If this undermining of meaning and double reading, and the relationship between the signified and the signifier, is intrinsic to your work, what role does programming play?                                                                                                                                                                        

 

These works illustrate our interest in autopoietic systems and concrete poetry, in which meaning is conveyed through the format or the process of writing. The viewer has to put aside traditional, literal reading and instead look for the meaning in the setting. Our interest in means of displaying information is further motivated since this places art in the field of communication and allows us to explore their sonic information, besides the textual or visual one. 

For example, the installation signalToNoise consists of 512 split flaps formerly used in train stations and airports. These mechanical devices allow us to experience waiting time in a very particular manner. It takes time for the information to be updated, accompanied by the noise that increases the sensation of the formalisation of information.

In this work, the installation devices constantly rotate at a variable speed due to the computational limitations of the algorithm, which generates letters and must identify from the maze of letters the appearance of a meaningful word. The constant flow of random words confronts the viewer with an infinite number of meanings and invites him to immerse himself in a sonic concrete poem, to be right at the centre of the calculation process of an autopoietic machine.  There was a very particular moment when the machine displayed the words "Why God Dies". This instance was in a way evidence of the relationship between the machine and ourselves as individuals/humans. From the random logic of the system emerges what we had never imagined. Fortunately, we managed to take a photo when this happened to freeze that Nietzschean moment. 

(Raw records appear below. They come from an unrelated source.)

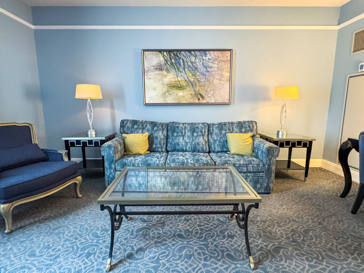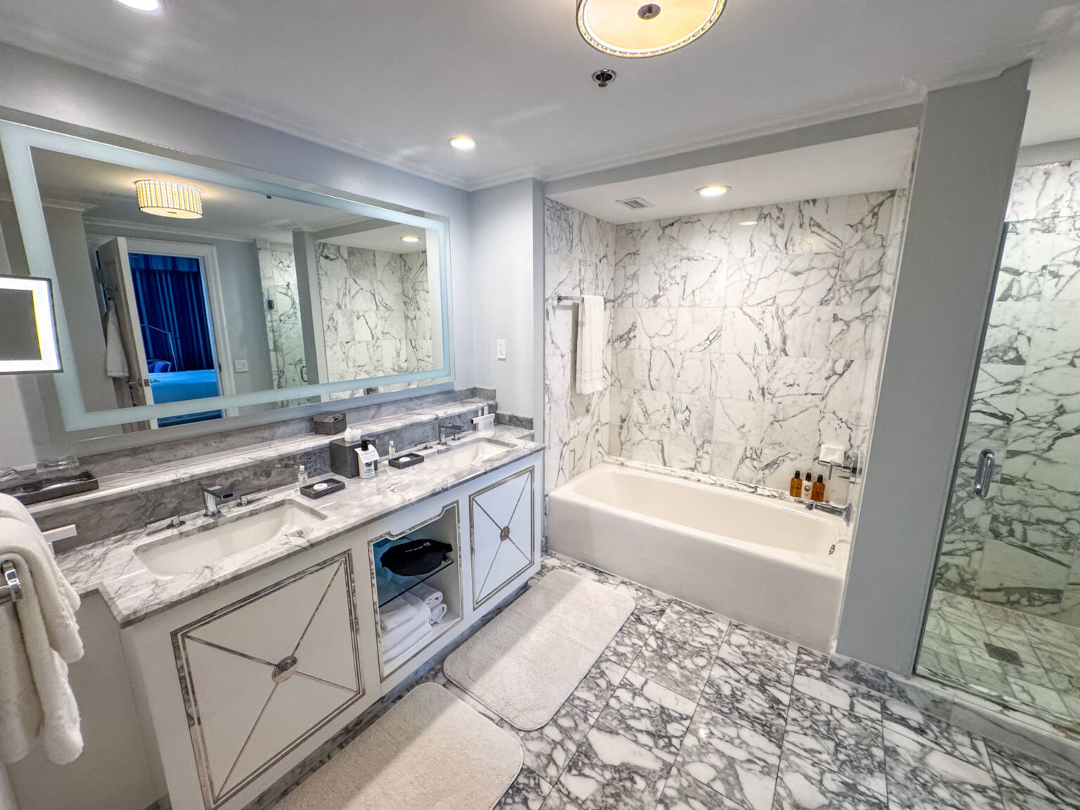 We got super lucky and were upgraded to a gorgeous Executive Suite—what a wonderful surprise! The suite was fantastic, featuring a separate living room, a proper bedroom, and a spacious full bathroom. Just like you’d expect in a suite, it included two bathrooms: one being a half-bath and the other a full bath. We really enjoyed the lovely views looking out at the city and the hotel’s terrace area.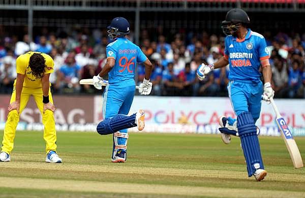 51 പന്തില് 4 സിക്സും 4 ഫോറും സഹിതം ശുഭ്മാന് 67 റണ്സും 45 പന്തില് 55 റണ്സുമായി ശ്രേയസും ബാറ്റിങ് തുടരുന്നു. ശ്രേയസ് ഏഴ് ഫോറും ഒരു സിക്സും നേടി. ഇരുവരും ചേര്ന്നു രണ്ടാം വിക്കറ്റില് ഇതുവരെയായി 128 റണ്സ് കൂട്ടുകെട്ടുയര്ത്തി.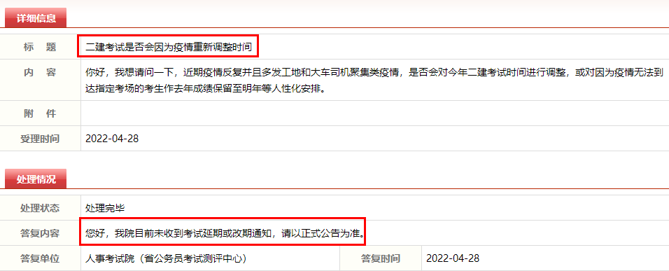 考生提問:你好,我想請問一下,近期疫情反復并且多發(fā)工地和大車司機聚集類疫情,是否會對今年二建考試時間進行調(diào)整,或?qū)σ驗橐咔闊o法到達指定考場的考生作去年成績保留至明年等人性化安排。

The installation pi in the exhibition follows a similar principle, taking the infinite string of numbers of Pi and translating it into letters to look up words. The decoding of Pi, often referred to as a universal number, becomes the metaphor of an absurd attempt at decoding the universe, of a rational understanding of the world. 

 

Wouldn't LAb[au]’s assimilation to concrete art or, better, concrete poetry, ultimately not be research on coded language? An analytic exploration of machine language?

 

With the arrival of the computer, an essential shift has taken place with regard to semiotics. Computing is based on binary language which, one must remember, is merely a series of zeros and ones. It is just data that can be decoded in any form of information such as text, colour, or sound. All forms of media are reduced to a string of numbers. This questions both the taxonomy of media and the relationship that can be established between them.

Recently we realised a project called Deep Blue.  It is based on this principle of transcoding. Here, we start with a colour and encode it into binary numbers and then decode it as alphanumeric characters. This transcoding is no longer based on analogies but is on a structural link. The term ‘transcoding’ belongs to the technological field but has turned into a new cultural paradigm and triggers our interest in its relevance to the language of art dealing with our contemporary state/world.